What is the shortest distance between two opposite points (two vertices separated by 2R) in the surface of a regular icosahedron? The regular icosahedron's edges are 1ft in length.

(In reply to re: Solution (details) by Brian Wainscott)

I don't think the intent was finding the distance along the surface. I interpreted the "...in the surface" phrase to refer just to the "opposite points in the surface", and the distance as being the distance in space (the 2R, representing twice the radius of the circumscribing sphere).

As such, I got:

Project the icosahedron outward to its circumscribing sphere, of radius R. Consider one spherical triangle face. The great circle arc of one side of this spherical triangle subtends a chord which is one edge of the icosahedron.

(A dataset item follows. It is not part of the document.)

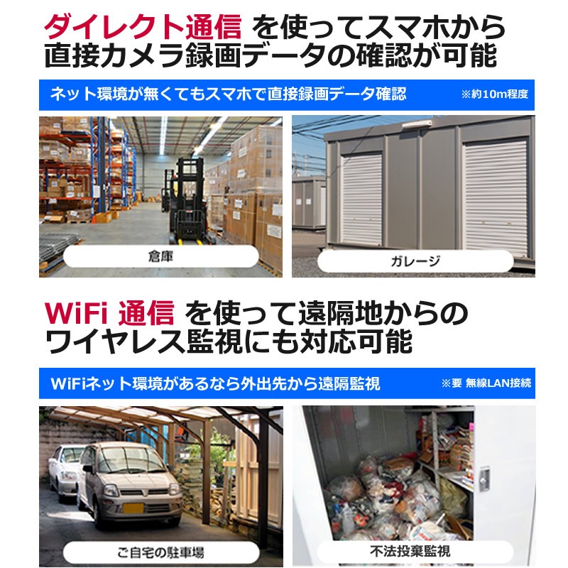 防犯カメラ ワイヤレス SDカード録画 屋外 家庭用 128GBまでのSDカードに対応した防水 248万画素 防犯カメラ レコーダーセット

Each corner angle of this spherical triangle is 72 degrees, as five fit together to completely surround each vertex of the icosahedron.

Then we use the law of cosines for spherical triangle, for angles:

cos 72 = -cos²72 + sin²72 cos S,
where S is the side length sought.

This solves to S=63.424948... degrees.

The chord for the arc has length 2Rsin(S/2), or R*1.051462224238267... Since we are given that the length of the chord (the edge of the icosahedron) is 1 foot, 1 = R * 1.051462224238267, so R=1/1.051462224238267 and 2R=1.902113032590307... feet.

As SilverKnight has said, it's quite similar to the soccer ball problem.

Posted by Charlie on 2003-12-10 15:57:25